* TASK DESCRIPTION:
Your copy must hold all of the data below, unchanged and without images.

* GIVEN INFORMATION:

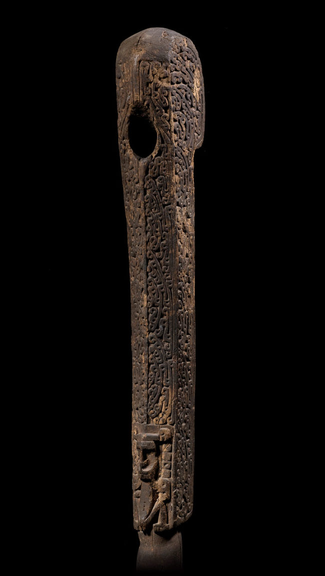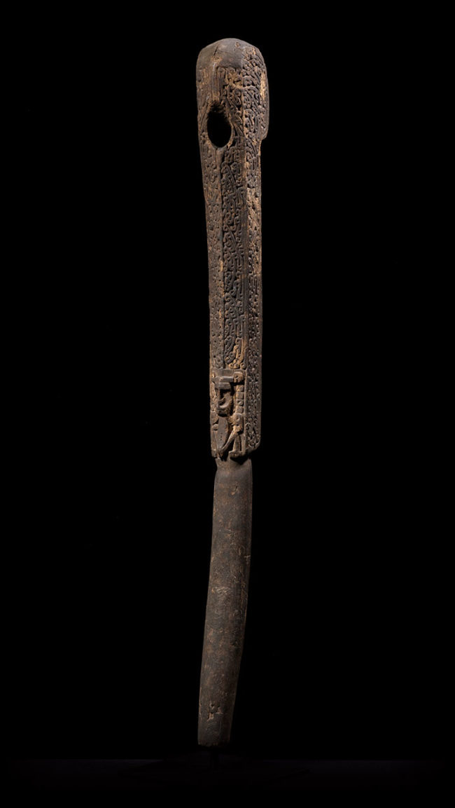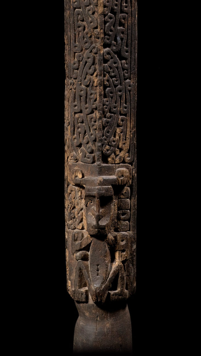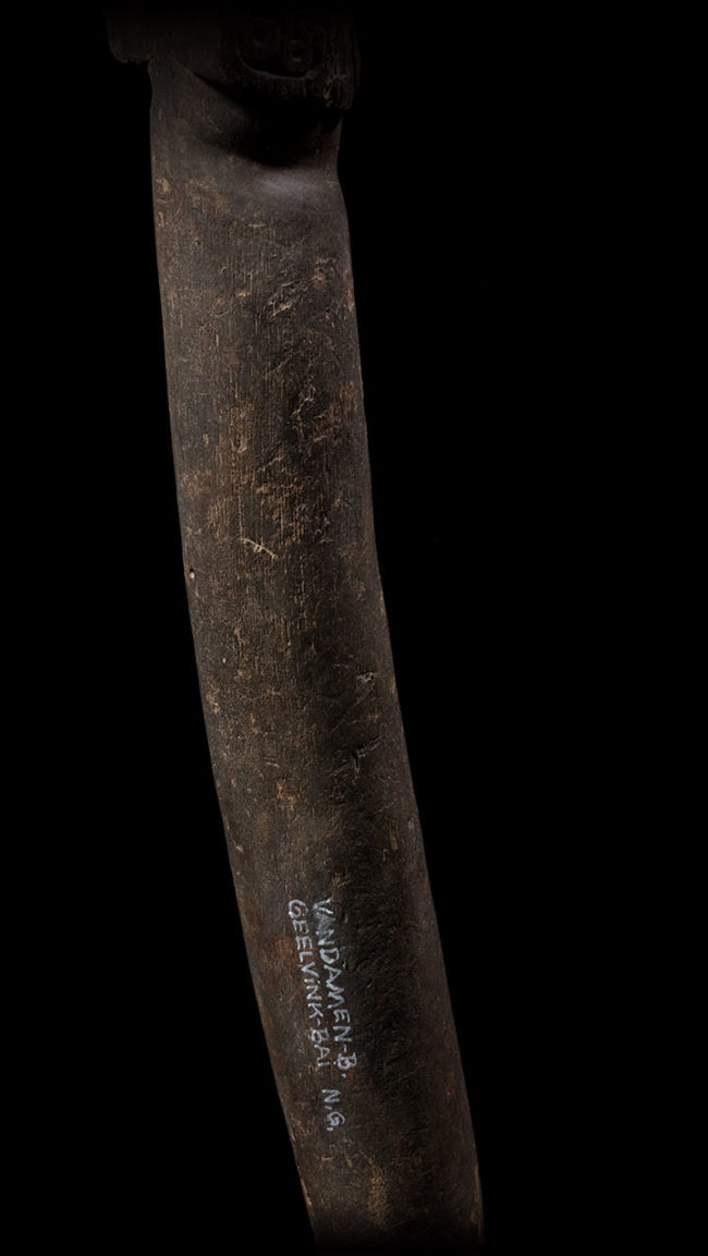 Ancestors played a vital role in the material culture for the people of West Papua. This pounder’s handle has a prominently displayed stylized crouching ancestor, carved in high relief. Above the figure, the upper portion is beautifully carved with curvilinear patterns. The surface is extremely well worn with an encrusted deep patina from many years of use. At the bottom of the shaft, painted museum style, in white, is the inscription, “ Vandamen-B. Geelvink-Bai. N.G.”
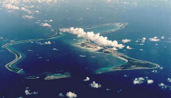 迪戈加西亚岛 是印度洋中部查戈斯群岛最大和最南端的珊瑚岛,是英属印度洋领地的一部分。人口约3500人,全岛为向北开阔的V字形珊瑚环礁,岛屿面积27平方千米,中央潟湖长24公里,宽6.4公里,礁盘面积174平方公里。
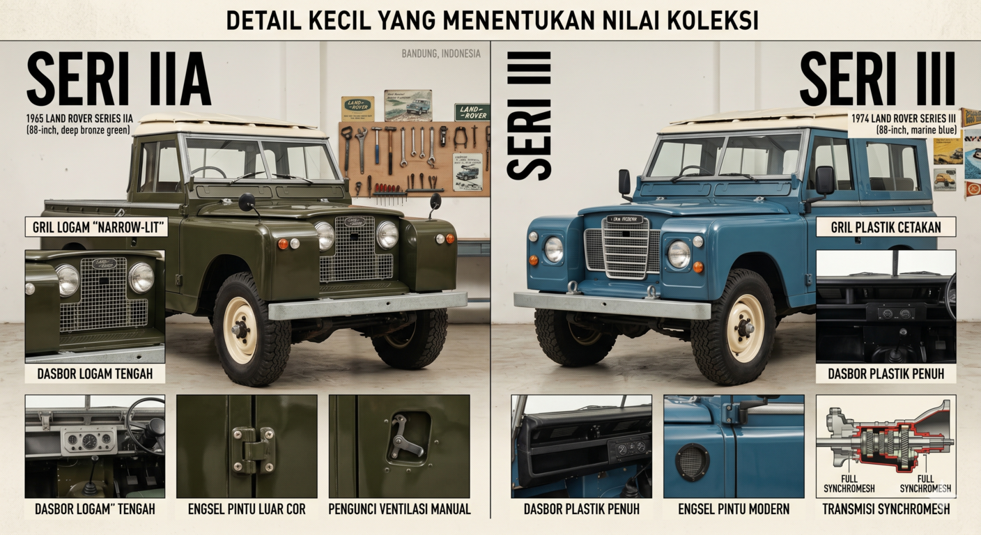 Dunia restorasi dan koleksi kendaraan four-wheel drive (4WD) klasik sering kali terjebak dalam perdebatan antara fungsionalitas dan estetika. Di puncak hierarki kendaraan petualang, nama Land Rover berdiri kokoh. Namun, bagi para purist, perbandingan antara Seri IIA dan Seri III bukan sekadar soal tahun produksi. Ini adalah tentang transisi desain dari era mekanis murni menuju kenyamanan modern yang mulai merayap masuk. Detail-detail kecil inilah yang pada akhirnya menentukan apakah sebuah unit layak dihargai setinggi langit atau sekadar menjadi kendaraan harian yang tangguh.

* EXERCISE ANSWER:
 Ancestors played a vital role in the material culture for the people of West Papua. This pounder’s handle has a prominently displayed stylized crouching ancestor, carved in high relief. Above the figure, the upper portion is beautifully carved with curvilinear patterns. The surface is extremely well worn with an encrusted deep patina from many years of use. At the bottom of the shaft, painted museum style, in white, is the inscription, “ Vandamen-B. Geelvink-Bai. N.G.”
 迪戈加西亚岛 是印度洋中部查戈斯群岛最大和最南端的珊瑚岛,是英属印度洋领地的一部分。人口约3500人,全岛为向北开阔的V字形珊瑚环礁,岛屿面积27平方千米,中央潟湖长24公里,宽6.4公里,礁盘面积174平方公里。
 Dunia restorasi dan koleksi kendaraan four-wheel drive (4WD) klasik sering kali terjebak dalam perdebatan antara fungsionalitas dan estetika. Di puncak hierarki kendaraan petualang, nama Land Rover berdiri kokoh. Namun, bagi para purist, perbandingan antara Seri IIA dan Seri III bukan sekadar soal tahun produksi. Ini adalah tentang transisi desain dari era mekanis murni menuju kenyamanan modern yang mulai merayap masuk. Detail-detail kecil inilah yang pada akhirnya menentukan apakah sebuah unit layak dihargai setinggi langit atau sekadar menjadi kendaraan harian yang tangguh.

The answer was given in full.